Ye Olde High-Tech Medievalist
Ye Olde High-Tech Medievalist

This notice is from the archives of The Notice Board. Information contained in this notice was accurate at the time of publication but may no longer be so.

October 1, 2006


Where medieval studies and digital technology meet is where one will find Dr. Dan O’Donnell (English).

As someone devoted to the study of the Middle Ages who also has a great interest in digital media, O’Donnell is at the forefront of digital media in the humanities.

His interest in digital media has greatly supplemented his work in medieval studies. “It was very important for me to have experts elsewhere in the world helping me out with my research into medieval studies. It was this need that led me to found the Digital Medievalist (DM) Project,” says O’Donnell.

The DM Project is the centre of O’Donnell’s work. He describes the project as a traditional online peer-reviewed journal surrounded by a community of practice.

DM’s web site and mailing list allow specialists to contact and help each other with their studies. The project also includes a wiki, which is a web site that allows users to easily interact, change, post and share onscreen material.

O’Donnell’s interest in technology has not detracted from his medieval studies. He recently published a book called Cædmon’s Hymn: A Multimedia Study, Edition and Archive.

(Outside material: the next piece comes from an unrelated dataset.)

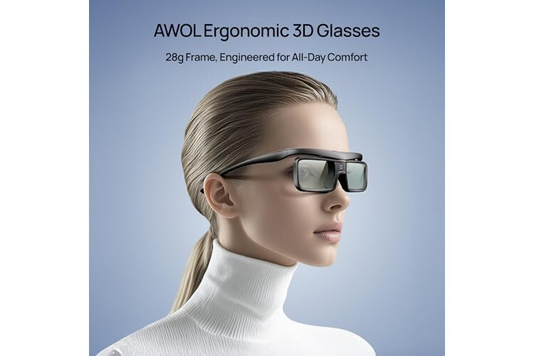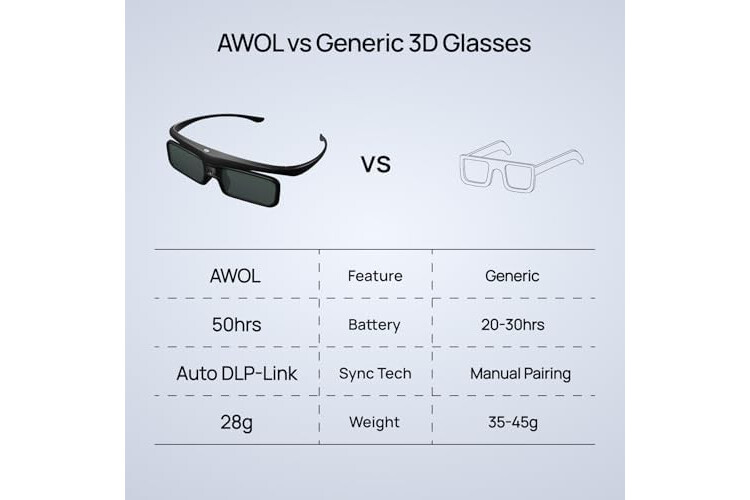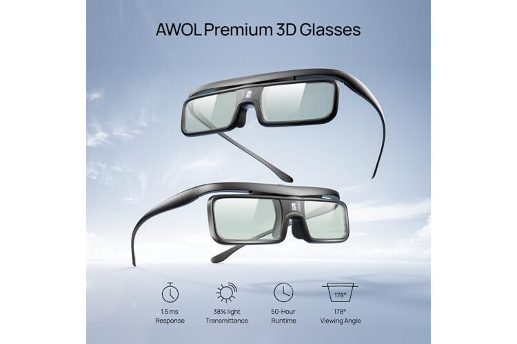 AWOL VISION DLP Link 3D Glasses, Rechargeable Active Shutter Eyewear compatiable with AWOL VISION LTV-2500, LTV-3500, Vanish TV & Other DLP-Link 3D projectors

Cædmon’s Hymn is believed to be the first surviving poem written in English. It also sparked some of the earliest examples of literary criticism, which exist in the literature surrounding the poem.

O’Donnell’s book focuses on how this poem was read in its time and what it meant to those who read it.

“It is the only poem in the entire Anglo-Saxon period where we have somebody saying something about its quality and its author. Most Old English poetry is anonymous, and no one ever talks about reading it,” says O’Donnell.

The book has been published in electronic and paper formats. Since digital publication is still relatively new to the humanities, O’Donnell hopes that his
work can become a model for electronic publications.

“We are still very much in the early stages in making electronic editions, so publishing conventions haven’t been set yet,” he says. “We are all busy trying to experiment with what is the best way of publishing information electronically.”

Whether O’Donnell is studying the past or using modern technology, he believes that the humanities have a lot to gain from digital technology. He hopes it will continue to enable academics to communicate, disseminate and educate more efficiently than they have in the past.

“I think it is up to humanists to take advantage of the possibilities the new technology offers,” says O’Donnell.